Nací en Martorell (Barcelona) en plena transición al siglo XXI y pocos meses después del efecto Y2K. A los pocos años me trasladé a Ilche, un pequeño pueblo de Huesca donde tengo mis recuerdos más tempranos, como arrojar juguetes por la ventana. Pero no tardé en perder mi silla —y casi la infancia— y acabar en Sevilla, tierra de mis raíces familiares, donde resido desde entonces.
Mi primer contacto con los videojuegos fue todo menos épico. Nada de NES, ni Spectrum, ni Atari, ni Sega, ni haber jugado al Space Invaders en un bar: mi infancia digital comenzó con un PC de finales de los 90 que sonaba como una turbina de avión y tenía un fondo de pantalla turquesa. No sabía lo que era un procesador ni cuánta RAM tenía. Lo único que sabía era que, si tocaba el botón de apagado, mi padre me gritaría.
El primer videojuego que entró en casa fue uno que mi padre compró en un quiosco. Se llamaba «Contar y Agrupar». Un título tan apasionante como suena. Era uno de esos juegos educativos de Zeta Multimedia, filial de Grupo Zeta que editó durante los años 90 y parte de los 2000 títulos de DK Multimedia y otros sellos de software interactivo. El juego estaba protagonizado por un simpático pingüino y un oso cariñoso.
Casi al mismo tiempo llegaron otros títulos excelsos como «Mi increíble cuerpo humano» o «Mía – En busca del remedio para la abuelita». Juegos educativos de Zeta Multimedia que me entretenían mientras me hacían creer que estaba aprendiendo algo útil. Eran productos pensados para colarse en casas con la excusa del aprendizaje, y lo consiguieron, aunque les guardo un extraño cariño.

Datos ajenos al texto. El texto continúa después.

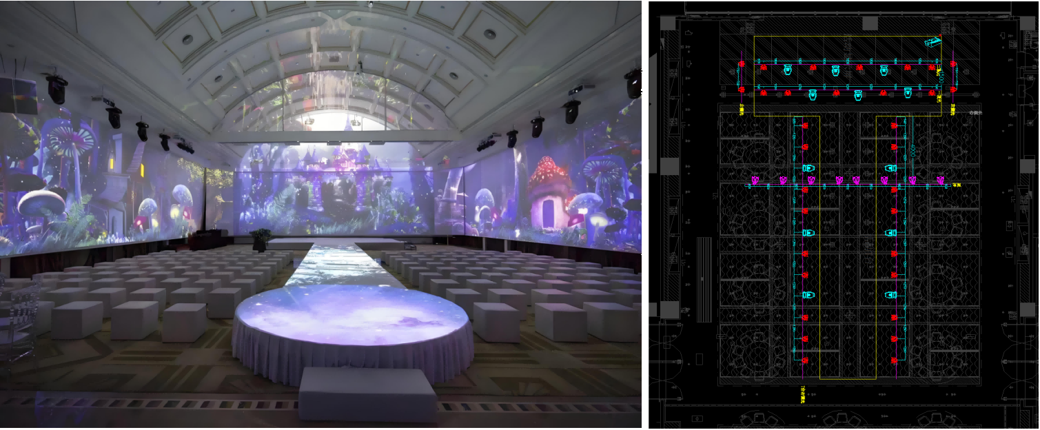 ? 此方案是会议报告模式+娱乐演出效果模式。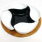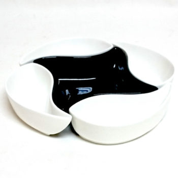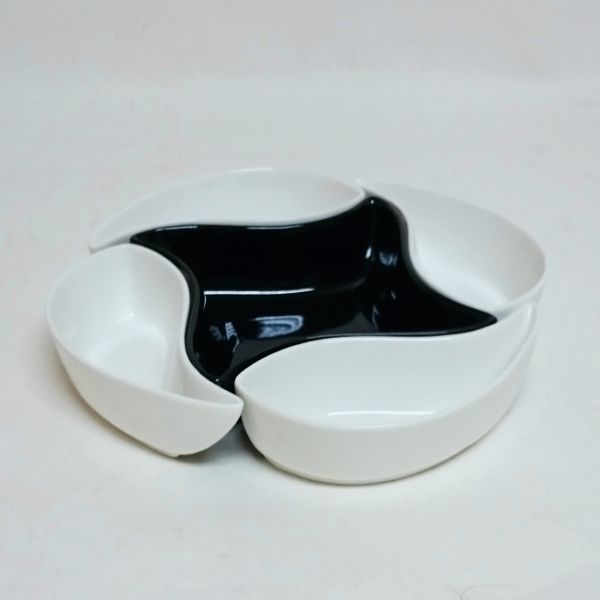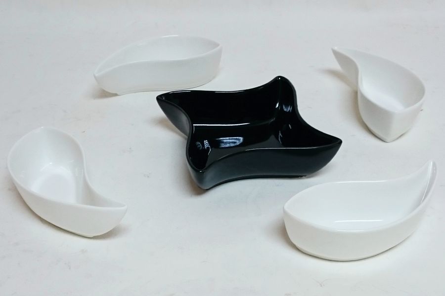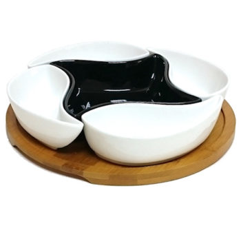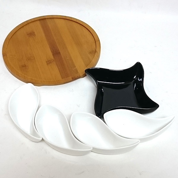 Порцелански сет за сервирање, составен од дрвено постоље (бамбус) и пет порцелански садови (4 бели и 1 црн) погодни за служење на салати и апетисани.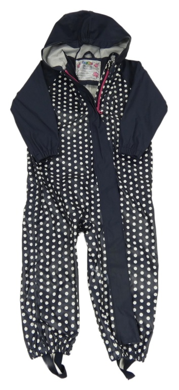 Tmavomodrá nepromokavá kombinéza s bodkami a kapucňou lupilu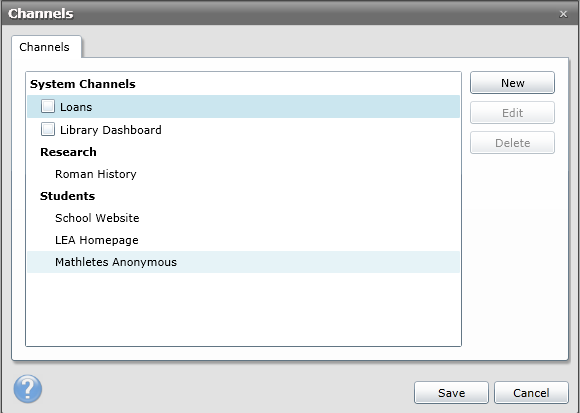 In here new channels can be added and there is the option to re-enable the Loans option or add the Dashboard as options within Channels.
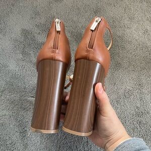 NWOT Jessica Simpson Saveria Brown Pleather Chunky Myscene Platform Heels Size10
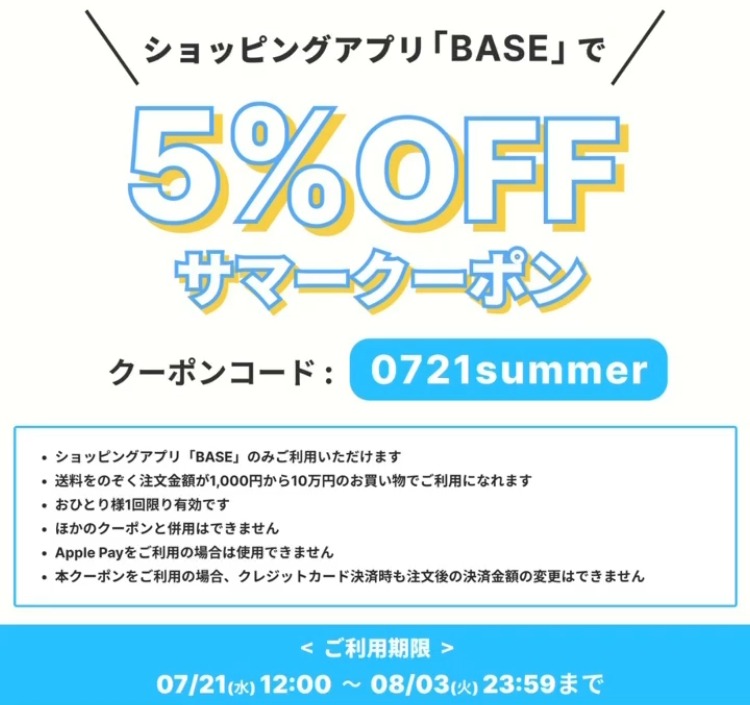 BASEよりクーポンが発行されてます。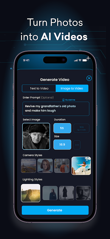 - Share: Post your AI Videos instantly to social media or send them to friends.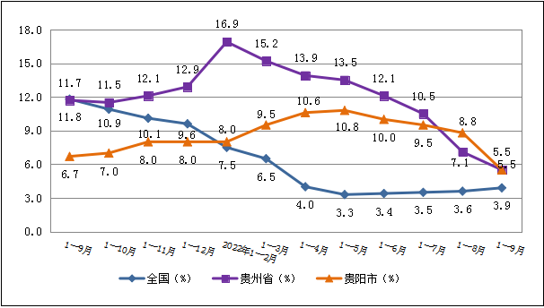 图一全国、全省、贵阳市1—9月规上工业增加值增速对比图
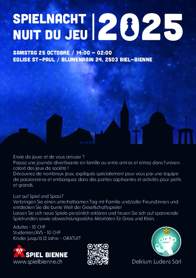 En plus des jeux disponibles et expliqués sur place, wir bieten verschiedene Aktivitäten an. Des concours, des présentations de jeux inventés par des créateurs présents avec nous, Registrierung für komplexe Spiele, et bien plus encore !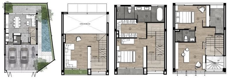 เนื้อที่ 24 ตารางวา พื้นที่ใช้สอย 260 ตารางเมตร จำนวน 3.5 ชั้น 2 ห้องนอน 3 ห้องน้ำ พร้อมดาดฟ้าจอดรถ 2 คัน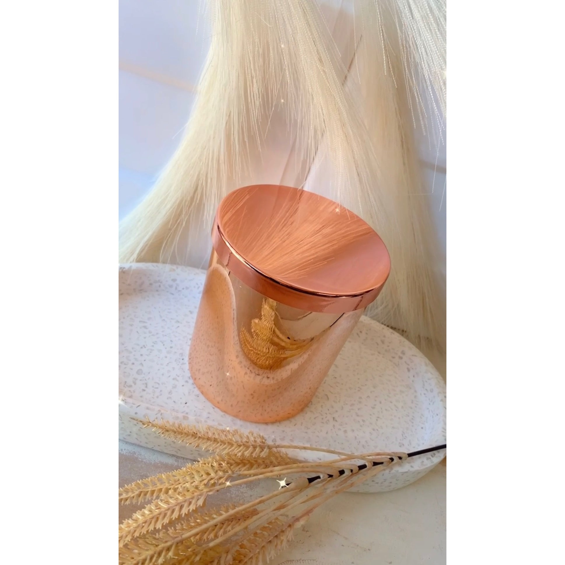 With a holographic/iridescent base candle jar and gold top lid, you can't go wrong with these beauties.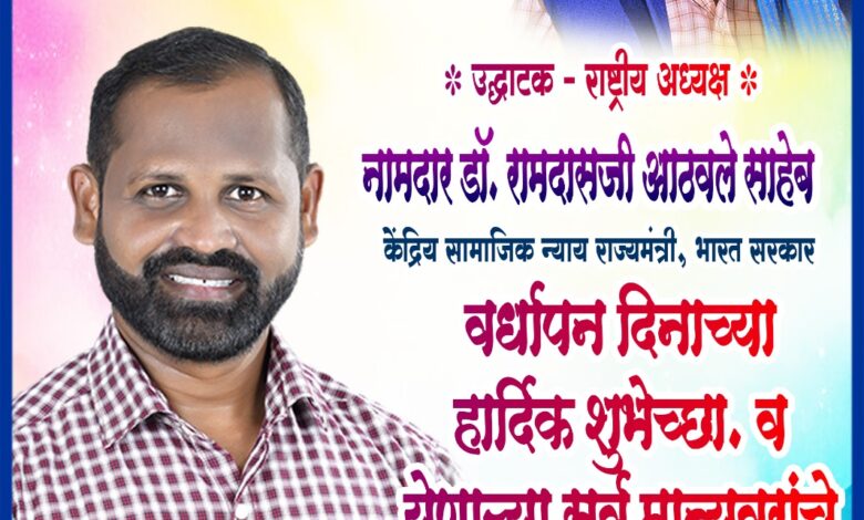 पनवेल – रिपब्लिकन पार्टी ऑफ इंडिया (आठवले) चे राष्ट्रीय अध्यक्ष तथा केंद्रीय सामाजिक न्याय राज्य मंत्री नामदार रामदासजी आठवले साहेब यांच्या आदेशानुसार पक्षाचा ६८वा वर्धापन दिन मोठ्या उत्साहात साजरा होणार आहे.

Sin embargo, si tengo que señalar mi primer recuerdo fuerte con un videojuego propiamente dicho, diría que fue «Toy Story 2», de Traveller’s Tales para PC. A ese le dediqué horas incontables. Otro título que también guardo con afecto es «102 Dálmatas: Cachorros al rescate», otra entrega de Disney que me marcó. Seguramente porque tenía un minijuego de golf que tenía una de las mejores melodías compuestas por la humanidad.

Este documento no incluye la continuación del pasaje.